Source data
+++++

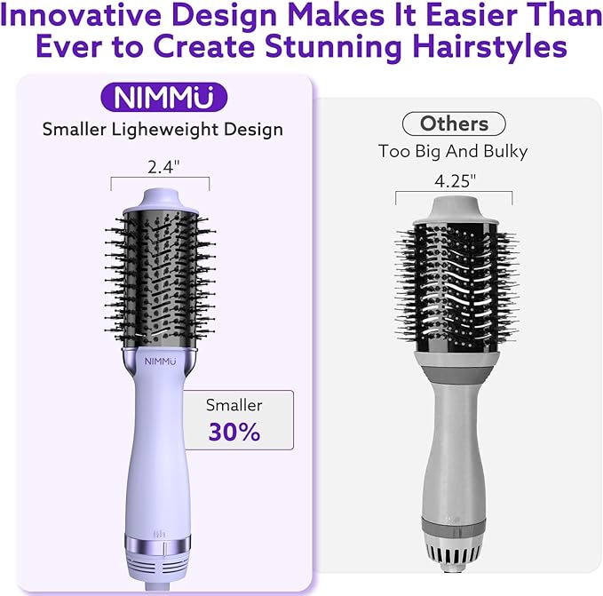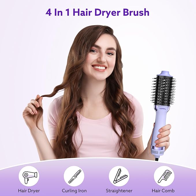 Nimmu Hair Dryer Brush Blow Dryer Brush in One, 4 in 1 Hair Dryer and Styler Volumizer for Drying Straightening Curling Volumizing Hair, Upgraded Hot Air with 2.4” Oval Barrel, Purple
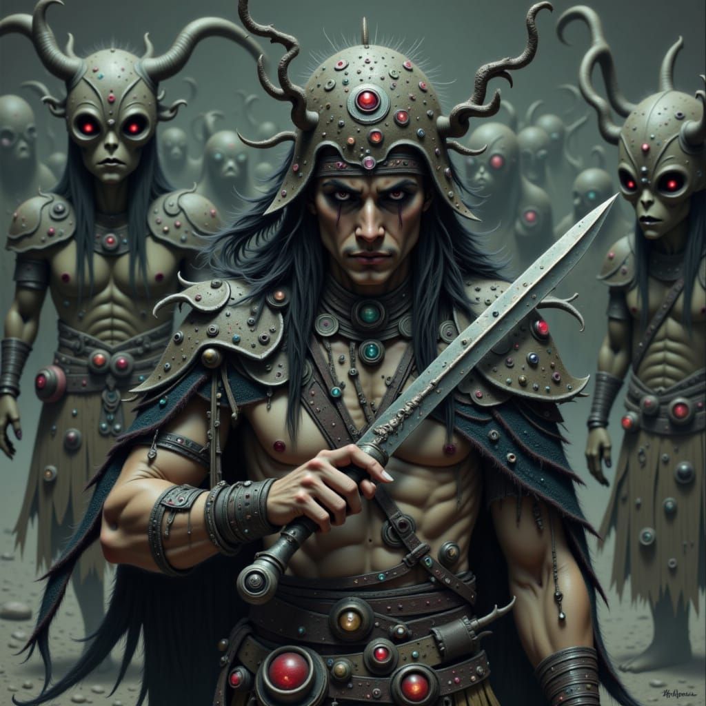 A depiction of a Native American vampire shaman battling aliens in a desolate wasteland. The scene evokes a dark, gothic atmosphere with intricate details and eerie lighting, reminiscent of a dark fantasy horror setting.
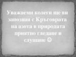 Азотът е открит през 1772 година от шотландския лекар Даниъл Ръдърфорд. Той е химичен елемент с атомен номер 7 и означение N. Азотът е най-лекия елемент в азотната група и при стайна температура е прозрачен газ без миризма...
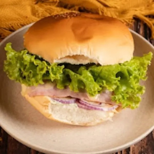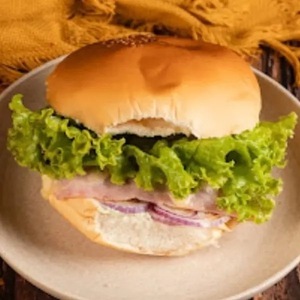 Pão Tostado na Chapa, Hambúrguer, Bacon, Maionese Caseira, Queijo Mussarela, Presunto, Tomate, Cebola, Alface.
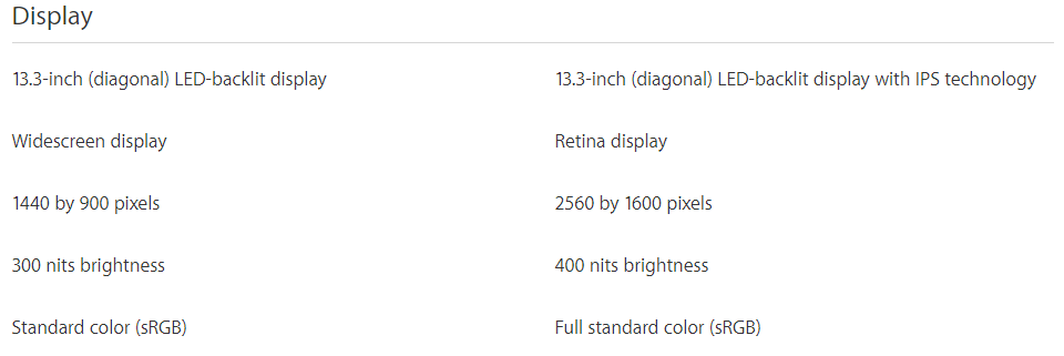 Pokud se podíváte do oficiálních specifikací MacBooku Air nyní, v záložce displeje nově svítí (sic!) hodnota 400 nitů. Tato změna je zatím dostupná jen na anglické mutaci webu apple.com. Český Apple.cz uvádí stále 300 nitů. Níže se můžete podívat na porovnání displejů mezi starým MacBookem Air a tím novým. Informace pochází z Apple.com
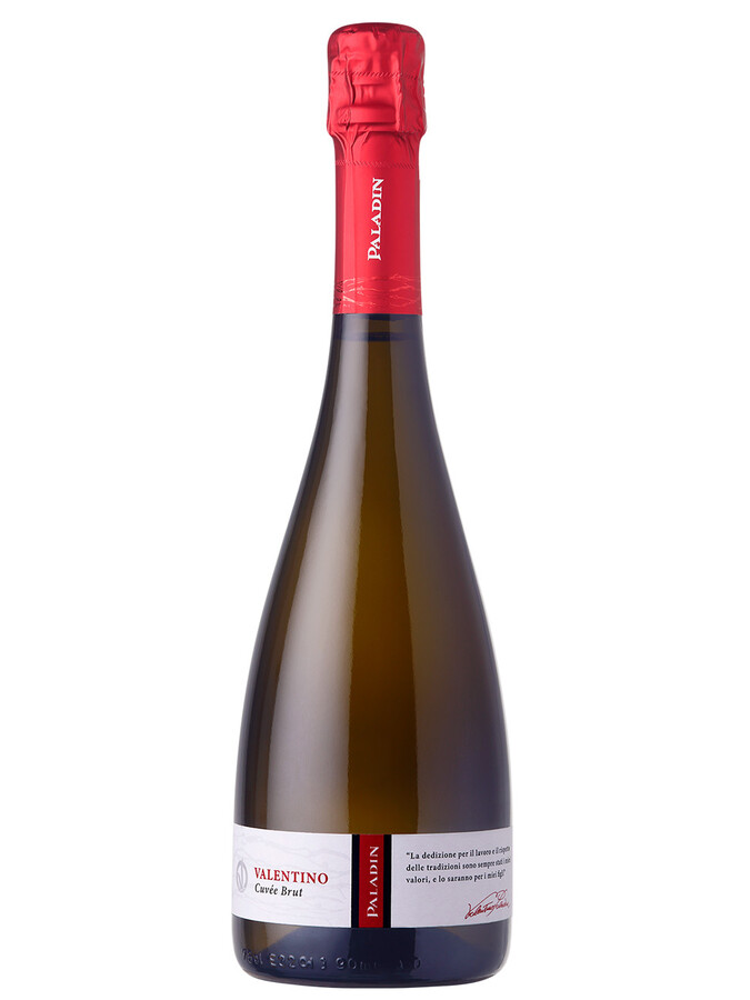 Valentino Cuvée brut Paladin eccellente spumante ottimo per aperitivi, si sposa con piatti di pesce crudo, antipasti di scampi e cappesante.
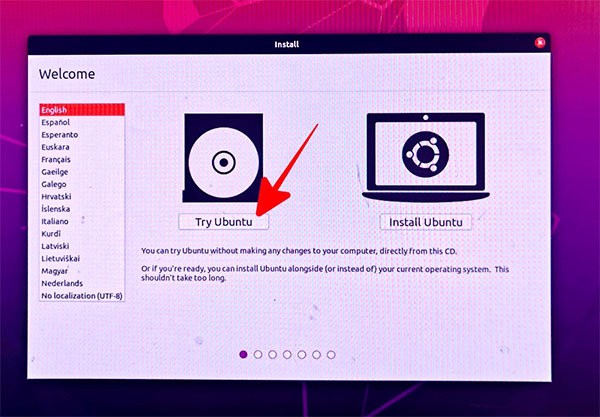 选择「try ubuntu」从usb 启用系统;
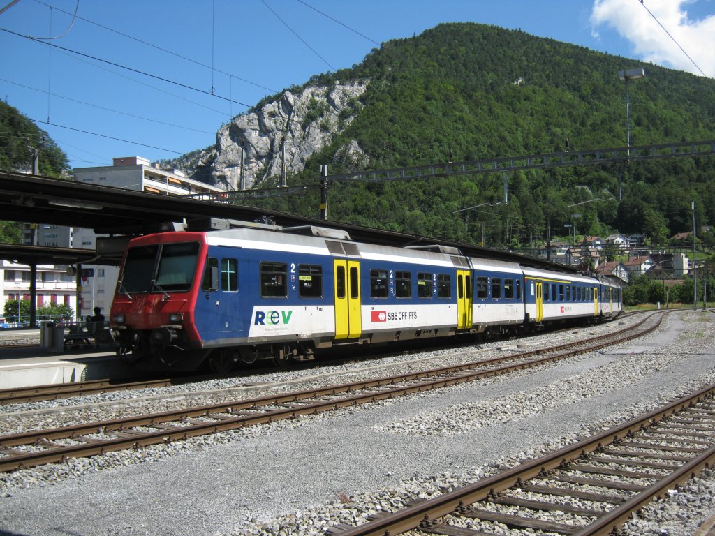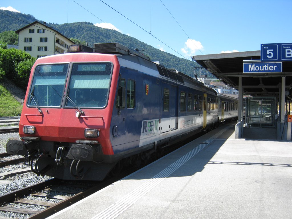 Ersatz Regio 5230 Sonceboz-Sombeval-Moutier-Solothurn; Der planmässige Domino musste durch einen 3-teiligen NPZ (560 118 REV) ersetzt werden. So kam es zu diesem äusserst seltenen Einsatz eines NPZ auf dieser Linie. Zumindest der Fotograf hatte seine Freude am NPZ..., Moutier, 11.07.2011.
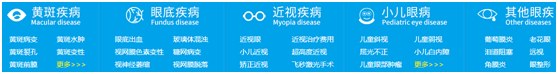 公司设九大专科,包括:白内障、准分子激光、眼底病及玻璃体视网膜、眼角膜与眼表、青光眼、斜弱视及小儿眼科、眼睑及眼整形、针炙辅助治疗眼疾和医学验光配镜,为患者提供全面眼睛检查及专科眼疾治疗。
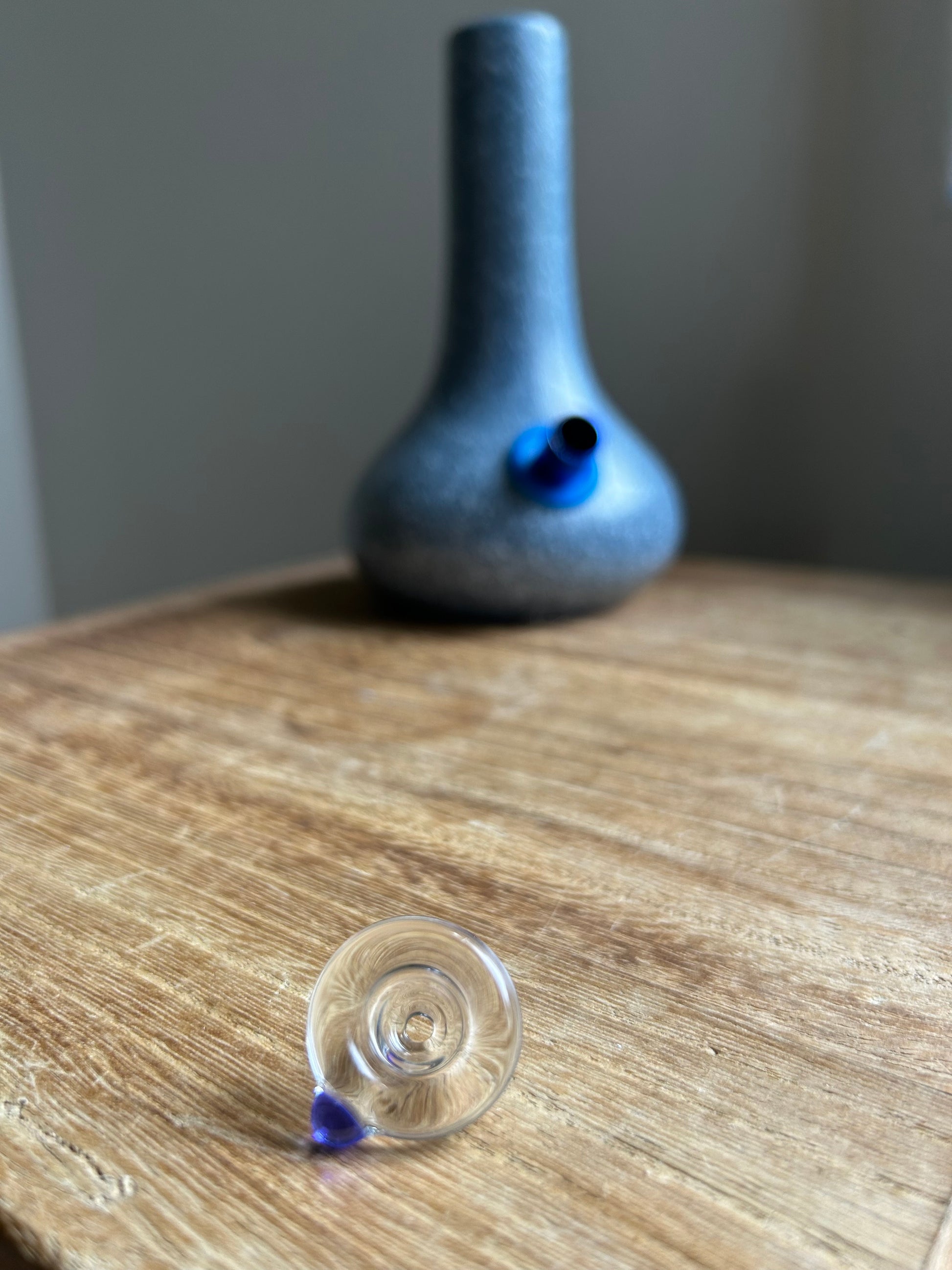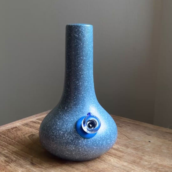 Mid-century blue-grey speckled studio vase, produced in Taiwan. Imagine the best ATV rig possible, and here it is. This piece is perfect for those who tend to break things easily. The vase and glass bowl are super strong. Made by @golovin_glass

+++++

# Problem to solve:
Exactly the lines above from the one that contains "A depiction of" down to the one that contains "Азотът е открит" are to be output, both ends kept and pictures omitted.

# Answer to this problem:
 A depiction of a Native American vampire shaman battling aliens in a desolate wasteland. The scene evokes a dark, gothic atmosphere with intricate details and eerie lighting, reminiscent of a dark fantasy horror setting.
 Азотът е открит през 1772 година от шотландския лекар Даниъл Ръдърфорд. Той е химичен елемент с атомен номер 7 и означение N. Азотът е най-лекия елемент в азотната група и при стайна температура е прозрачен газ без миризма...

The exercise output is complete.